The basic differences between the new pilot process and the old one are:

• There’s no national panel process of pre-approved candidates – people self-nominate and it’s up to the CLPs and a representative from the relevant Regional Board to apply quality control
• The process is shorter – four weeks of live campaigning with access to a membership list after shortlisting rather than the previous 12 weeks from self-nomination
• Longlisting (by CV) and short-listing (by interview) are by a selection committee elected by the CLP EC, rather than by the full GC
• The materials candidates can put out used to be unlimited; now they are limited to two leaflets and an ‘out card’

The sharp end of the process – a hustings with voting by all CLP members – remains fundamentally the same.

The principle we were seeking to apply as an NEC were:
• To streamline and speed up what had become a cumbersome and lengthy process (three times longer than the month an actual general election campaign takes)
• To create as level a playing field as possible where anyone can access the process and no one can buy a selection with excessive weight of glossy literature (given we have criticised the Tories for using Ashcroft money to do this in general elections we needed to clean up our own internal process)
• To trust the members to make good choices of candidates and give as much control over the process as possible to CLPs themselves

We also needed to construct a process that works just as well in a safe Labour seat with 100 applicants (a process that in those kind of seats only happens once a generation and effectively decides who the MP will be) as in a total unwinnable where a local activist has to have their arm twisted to run.

Richard’s concerns are important but I think exaggerate the risks in the new process.

He worries that the selection committee ‘itself is wide open for stitching up the result.
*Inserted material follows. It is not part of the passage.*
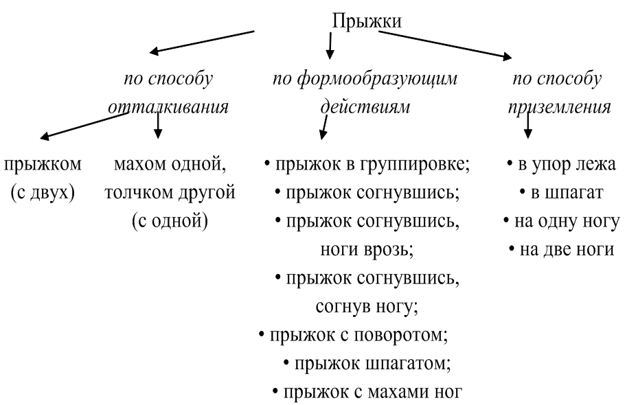 Основной классификацией прыжков является классификация по признаку формообразующих действий. В этом случае эта группа состоит из семи подгрупп: прыжок в группировке; прыжок согнувшись; прыжок согнувшись, ноги врозь; прыжок согнувшись, согнув одну; прыжок с поворотом; прыжок шпагатом; прыжок с махами ног.

One or two strong-willed local members can, either on behalf of potential candidates or just with an axe to grind, skew the whole outcome of the selection.’ But that could already happen with GC shortlisting and the function of the selections committee is quite clearly defined in the new procedure. It is absolutely not to make a political decision as to who should form the shortlist, as Richard fears, perhaps blocking strong candidates from going before the members. Its job is to act on behalf of the wider membership of the CLP to pick on merit the strongest possible shortlist of candidates for them to choose from. It’ll be doing this under the scrutiny of a Regional Board rep who will be looking out for any jiggery-pokery and ensuring it is an equal opps process looking at the merits of the candidates. The CLP can bring in external expertise in interview skills and equal opps to serve on the committee. They will have a clear set of criteria to judge prospective candidates against. And they will have been elected by and are accountable to the CLP EC. In every selection process I have been involved in the CLP Officers are incredibly mindful of the need to run a fair process on behalf of their members and to treat prospective candidates fairly. Whenever possible we should be trying to make sure the people directly picked by local members, with the CLP’s interests at heart, get the greatest possible control over the running of the process.

Richard also says that the new process will make ‘it easier for those with a base in the constituency already’ but I don’t see the evidence for that. The previous system required the ability to get free time for a 12-week slog of a campaign, cash for unlimited expensive mailshots, access to print and design facilities, and even more cash to pay for travel and accommodation if you didn’t live locally. This sort of marathon virtually closed the door on participation to everyone except professional politicians be they people that work in politics in London, or the favoured candidates of union machines, or full-time local council cabinet members from the town concerned. Some people are lucky enough to fit into more than one of those categories! It worked against people with non-political jobs or caring responsibilities or limited cash and contributed to a narrowing of the range of people we pick as MPs.

Richard worries that the limit on the number of leaflets ‘hampers innovation in communications’. In fact it does the opposite as the leaflets permitted are allowed to point towards online material which can be presented in ways which is both innovative and interactive.

I’m not claiming the new system is perfect. That’s why it’s a pilot. Let’s see if it works and reserve our criticisms until then.